Pastor Jose Papachen and his wife Sheeja were arrested in January 2023 in Uttar Pradesh, India. Their supposed crime? Giving Bibles to people. A complaint was filed with the police, accusing them of alluring people belonging to the Scheduled Caste and tribal communities into converting to Christianity. (‘Scheduled Caste’, sometimes known as Dalit, refers to a groups of people among the most disadvantaged socio-economic in India.)
Uttar Pradesh is one of twelve Indian states that have passed anti-conversion laws, and there have been calls for a nationwide anti-conversion law. In theory, these laws stop Hindus being forced or bribed to convert to other faiths. In practice, these laws are often abused to target and harass Christians and other religious minorities, or even to settle personal scores. There has been a steady rise in false accusations that Christians are trying to forcibly convert people from other faith backgrounds. There is no equivalent law about people being converted to Hinduism.
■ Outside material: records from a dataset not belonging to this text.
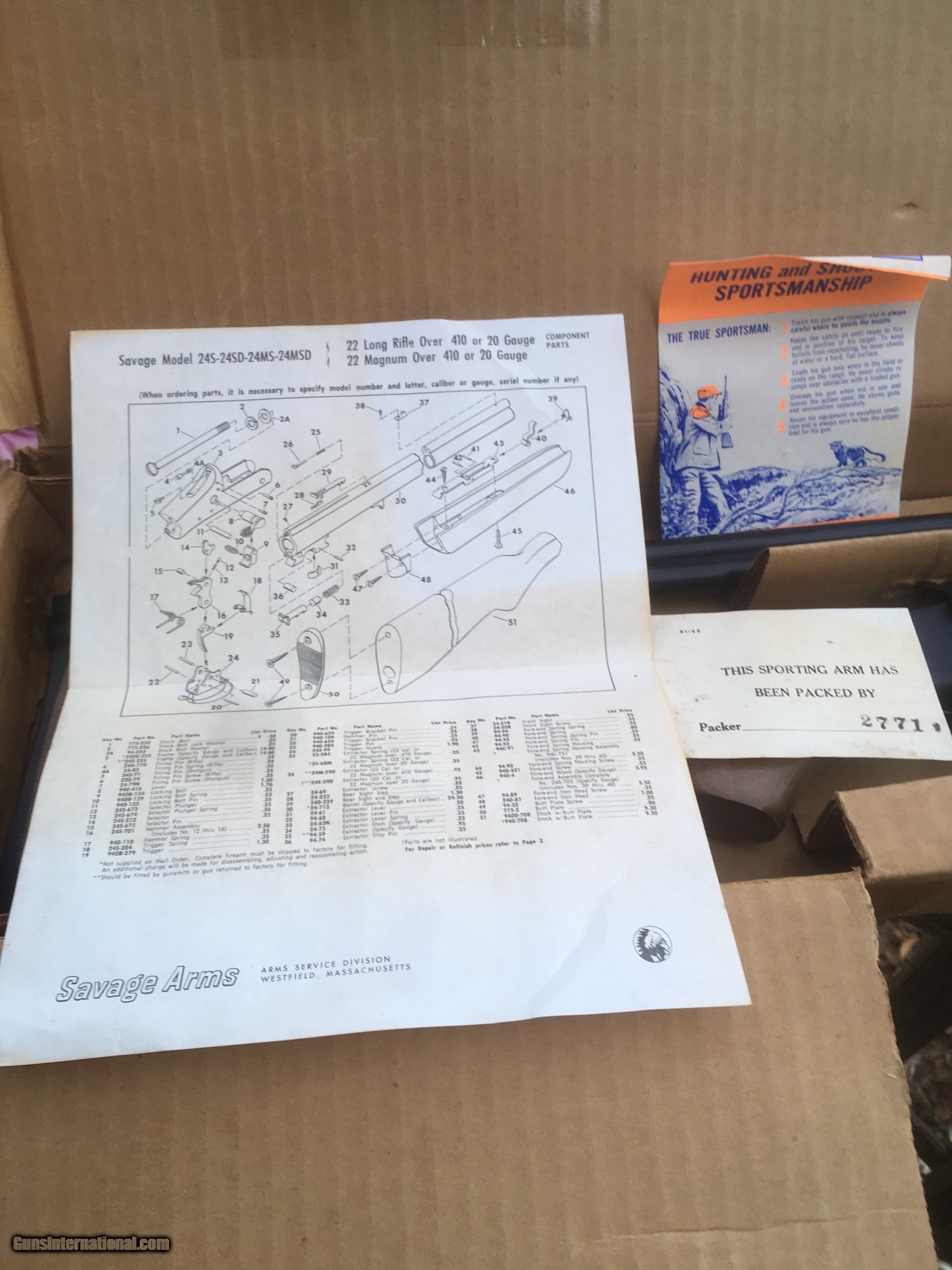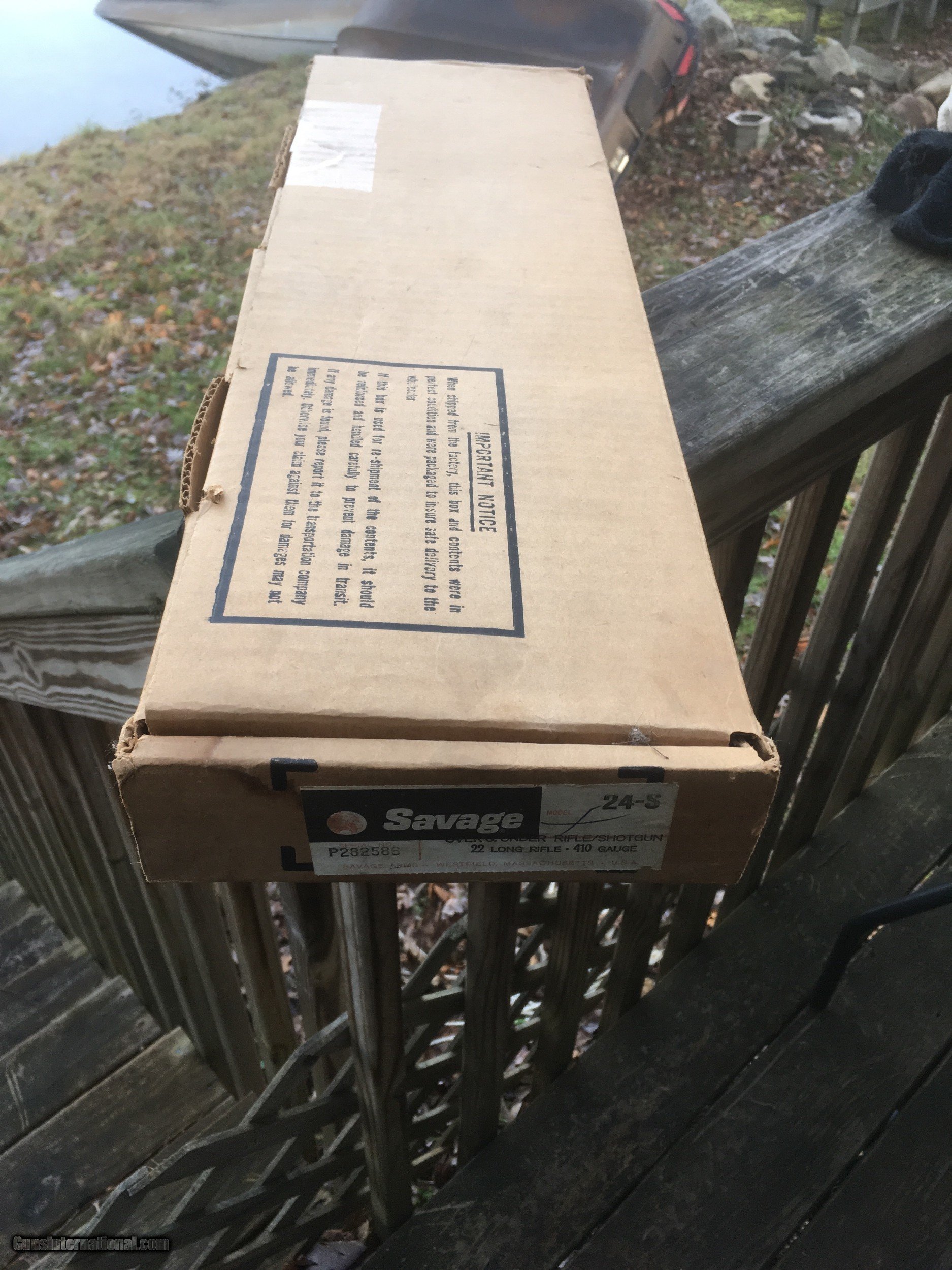Description: Here is a very nice Savage Model 24 - S with the original Factory serial numbered box. The weapon has been fired. The metal is excellent. The bores are excellent. The wood is excellent, a couple of small handling marks. The box and factory paperwork are excellent as well. Please ask questions prior to purchasing. Make sure that your FFL Dealer will accept this weapon from a NON FFL DEALER. Cashiers check will be the method of payment. SOLD |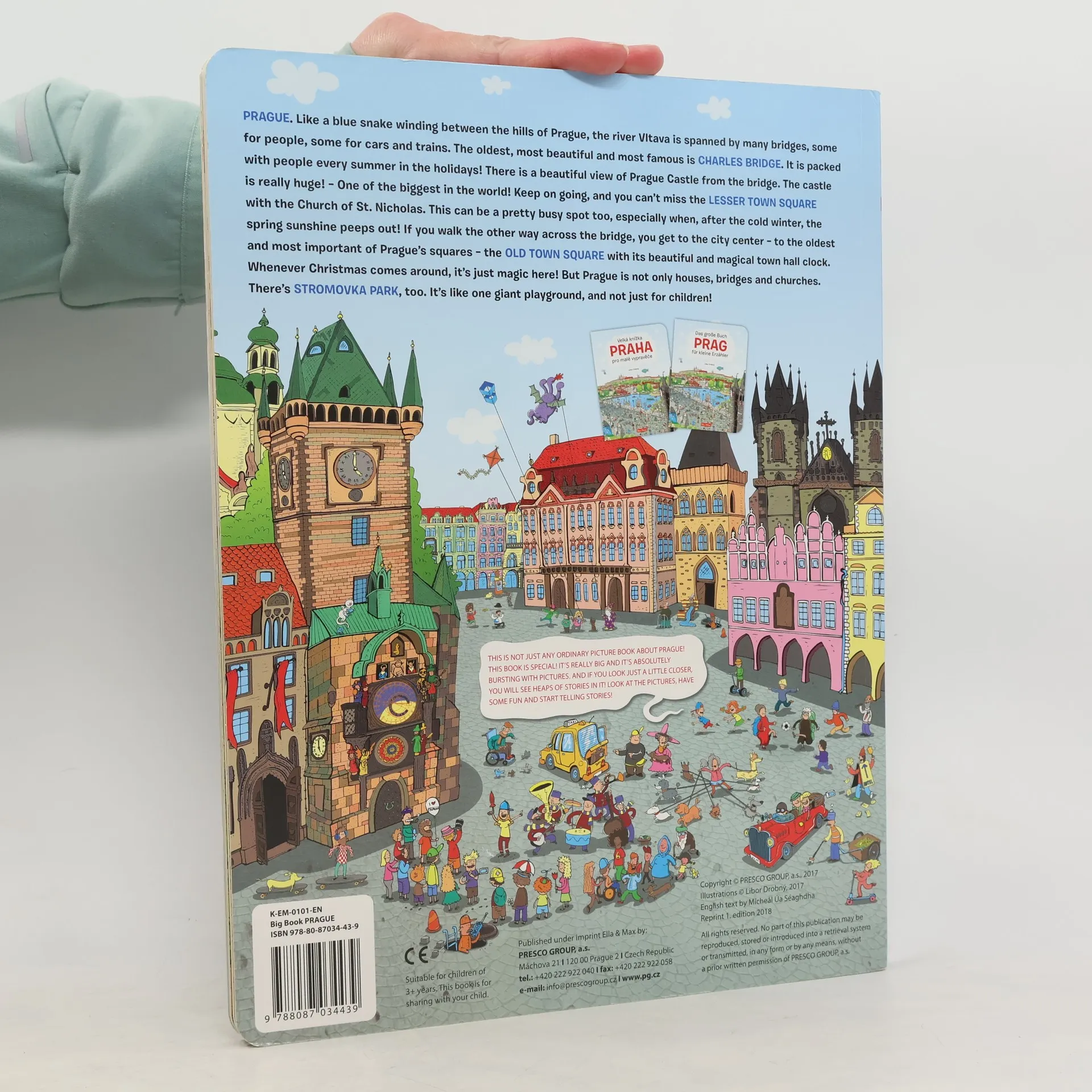 Toto není jen tak nějaká obyčejná obrázková kniha o Praze. Je speciální! Je velká a plná obrázků nejznámějších pražských míst, které znají turisté z celého světa. Najdete v ní Karlův most, Malostranské náměstí, Staroměstské náměstí a Stromovku. Každé její otevření přináší nové objevy a dobrodružství. A když se podíváte blíže, uvidíte, že kniha ukrývá mnoho příběhů! Jejich pokračování a spoustu nových si s pomocí rodičů určitě vymyslíte samy. Možná ještě neumíte číst písmenka, ale tvořit zajímavé příběhy zvládnete určitě. Hurá do toho! Kniha je v anglickém jazyce.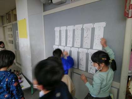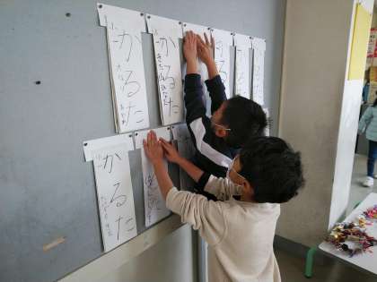 課題である「かるた」の練習を重ね、少しずつ大きく丁寧に書けるようになってきました。「○○さんの【る】が上手だね」「名前が苦手だけど、がんばろう」と、自分の書いた字を振り返りながら、上達するように練習しています。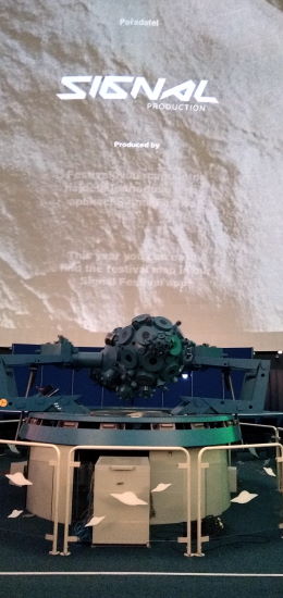 Na další dvě placené instalace se musíme vydat na druhý břeh Vltavy do Holešovic. Letos organizátoři poprvé využili stálé zařízení k projekci jednoho programu. V planetáriu v Královské oboře je k vidění krátký dokument “Radikální kompromis” od tvůrčí skupiny, která vznikla přímo pro tuto příležitost, Planetum x Signal Production tvořené umělci Danielem Červenkou, Markem Šilpochem, Pavlem Karafiátem, Martinem Fuchsem a Trauma & Errol Vitro. Na 23,5 metrů široké kopuli jsme svědky krátkometrážního fulldome show příletu asteroidu s totálně devastovaným povrchem. Vše vypadá, jako katastrofické sci-fi vytvořené v počítači pološíleného umělce až do okamžiku, než si uvědomíme, že se díváme na záběry z dronů létajících vysoko na sokolovskou hnědouhelnou pánví. Film byl natočen bez jediného CGI efektu k dotvoření zobrazovaných krajin. Byla použita pouhá deformace obrazu, kdy se pohledy na totálně zničenou krajinu postupně vynořují z přilétajícího asteroidu.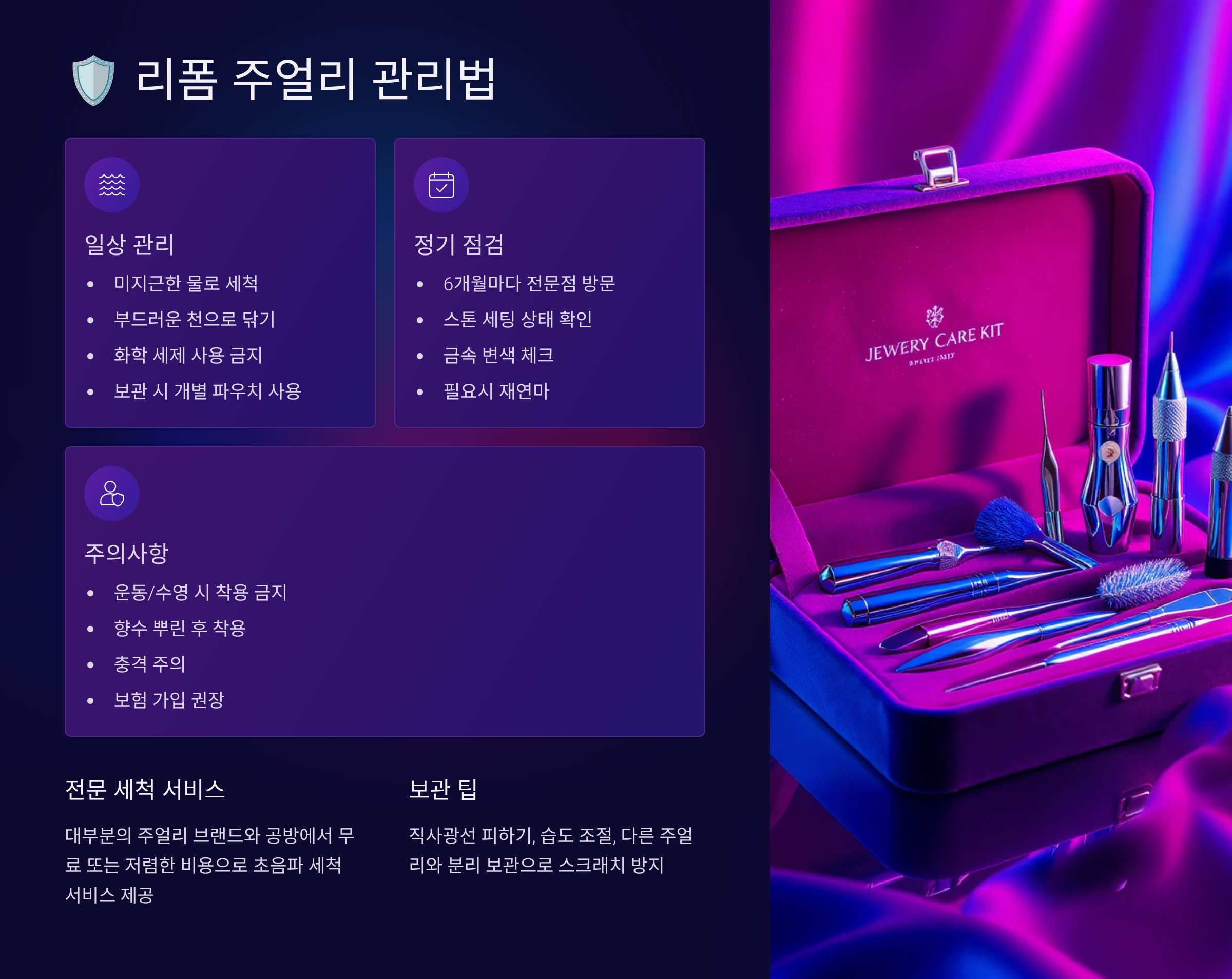 리폼된 주얼리는 새로운 생명을 얻은 만큼 특별한 관리가 필요해요. 우선 일상적인 관리법부터 알아볼까요? 리폼 주얼리는 착용 후 반드시 부드러운 천으로 닦아주는 것이 중요해요. 특히 리폼 과정에서 여러 종류의 금속이 결합된 경우, 각 소재별로 다른 관리법을 적용해야 한답니다. 예를 들어, 로즈골드와 화이트골드가 함께 사용된 제품은 각각의 특성에 맞는 전용 클리너를 사용해야 해요.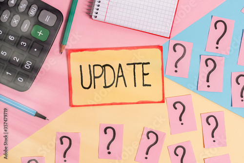 Wall mural : Text sign showing update - business photo text up to date as by adding new information or making corr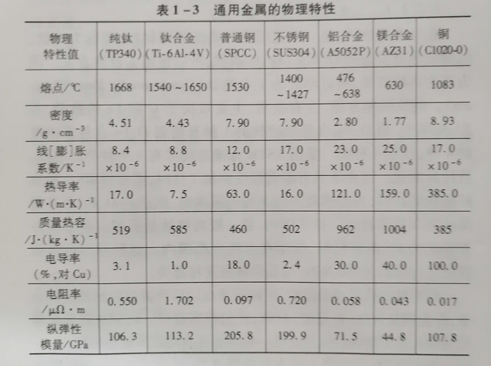 表1-3通用金屬的物理特性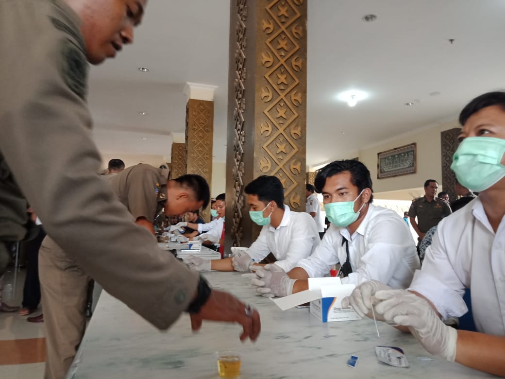 Diterangkan, personil Sat Pol PP yang dilakukan tes urin memang tidak seluruhnya karena ada yang masih menjalankan tugas dibeberapa dinas maupun kecamatan. “Yang mengikuti tes urin untuk ASNnya ada 35 orang dan 600 tenaga honor. Memang tidak bisa dilakukan kepada seluruh anggota secara bersamaan karena ada beberapa personil yang masih bertugas, ” terang dia.
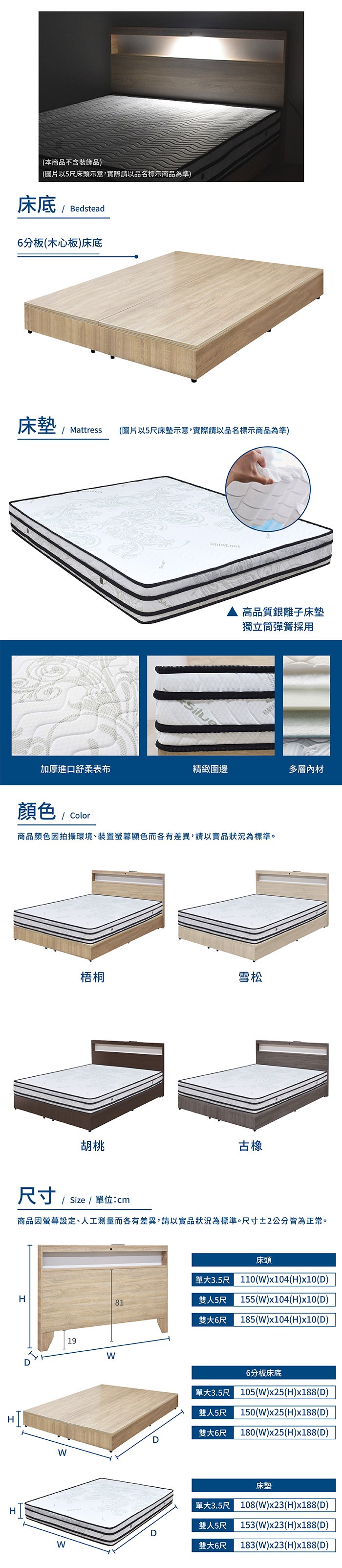 傢俱工場-山田LED+USB房間3件組(床頭+6分底+床墊)雙大6尺梧桐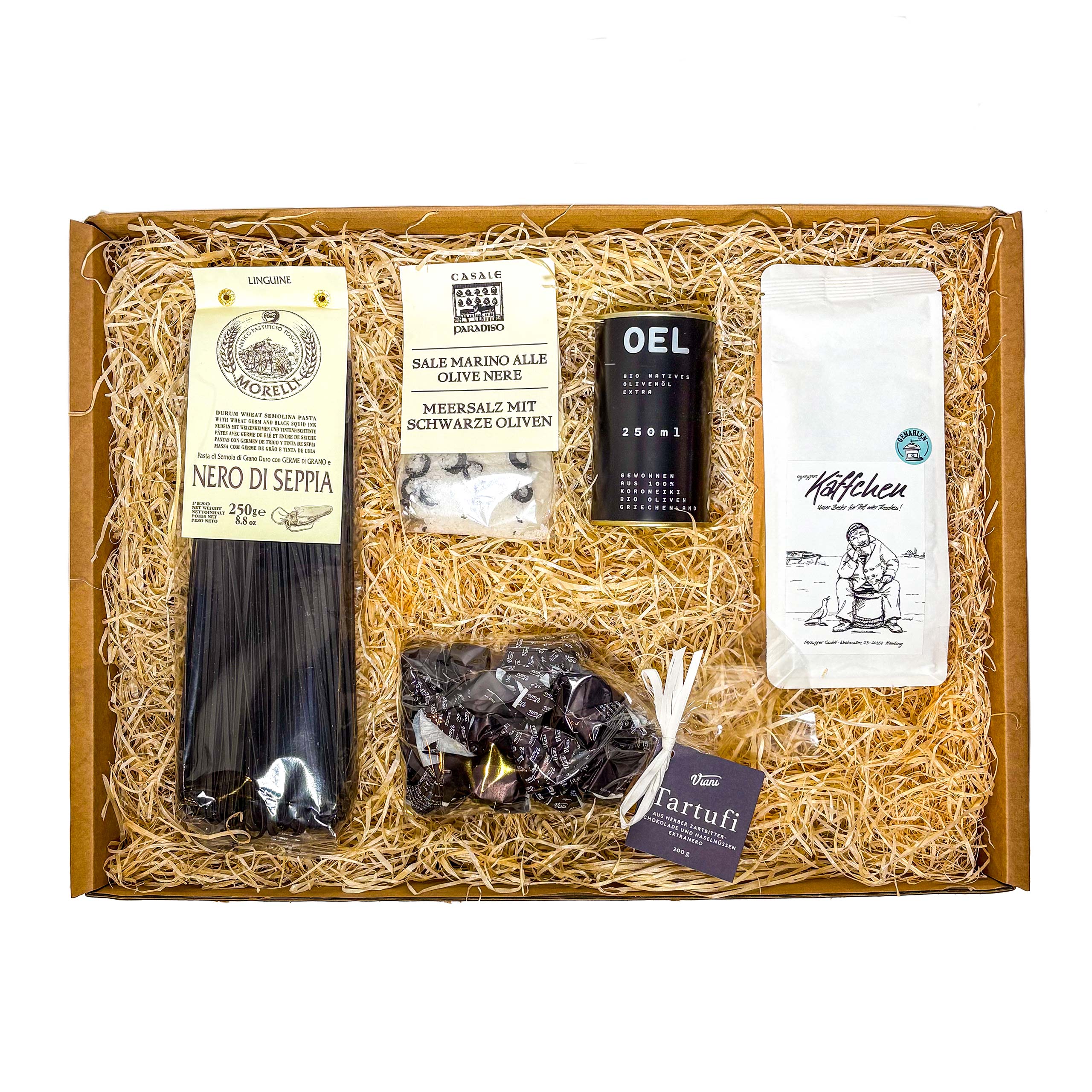 Nicht nur etwas für Schwarz-Weiß-Seher ist diese Kombi: Meersalz mit schwarzen Oliven, ein edles Olivenöl aus Kampanien, Trüffelpralinen aus dem Piemont – mit dunkler Schokolade, schwarze Linguine aus der Manufaktur Moretti und dem Kaffee „Käffchen“ aus der Rösterei Dockland mit Hamburger Jung auf dem Etikett.

Pastor Jose and Sheeja were initially denied bail in March this year. On appeal, however, the Allahabad court in the southern city of Prayagraj said the couple could be instantly released and were not guilty of any crime.
"Providing good teachings, distributing Holy Bible books [...] do not amount to allurment." Appeal judge
“Providing good teachings, distributing Holy Bible books, encouraging children to get education […] and instructing the villagers not to enter into altercation and also not to take liquor do not amount to allurement,” stated the court in its ruling last month. It added, “Rather, it would be a failure on the part of the State to provide basic facilities to individuals in need of the same.”
Uttar Pradesh’s anti-conversion law prohibits any attempt to force someone to convert to another religion (than Hinduism) through misrepresentation, force, undue influence, coercion, allurement or by fraudulent means. The appeal court affirmed that Pastor Jose and Sheeja were not going any of these things.
Justice Shamim Ahmad also pointed out that the complainant was not one of the people who had received a Bible, nor did he have any connection to them or to the arrested couple. He was thus ‘not competent’ to lodge the complaint. Provisions in Uttar Pradesh’s anti-conversion law stipulate that only a person who has been forced to convert or a blood relative of theirs can register a FIR [first information report] with the police.
However, recent research into more than a hundred FIRs filed in Uttar Pradesh reveals that the majority are not based on complaints by people who are directly involved – rather, Hindu nationalists ‘using the law to harass Christians’ and other third parties are filing the complaints, according to a report by Article 14. These have ‘no legal standing and should not have been registered by the police,’ the researchers add.
Conviction rates are generally low, said Rinzen Baleng, Advocacy Officer with Open Doors. “This is because there is a lack of clarity around the definition of what constitutes ‘misrepresentation’, ‘force’, ‘undue influence’, ‘coercion’, ‘allurement’ and ‘fraudulent means’. This then causes the case to fall flat when it goes to trial and the prosecutor is unable to substantiate the charges with evidence.”
The release of Pastor Jose and Sheeja is an encouraging answer to prayer – but they should not have been arrested in the first place. Please pray that this court case would set a precedent for other believers being allowed to share the good news of Christ in peace.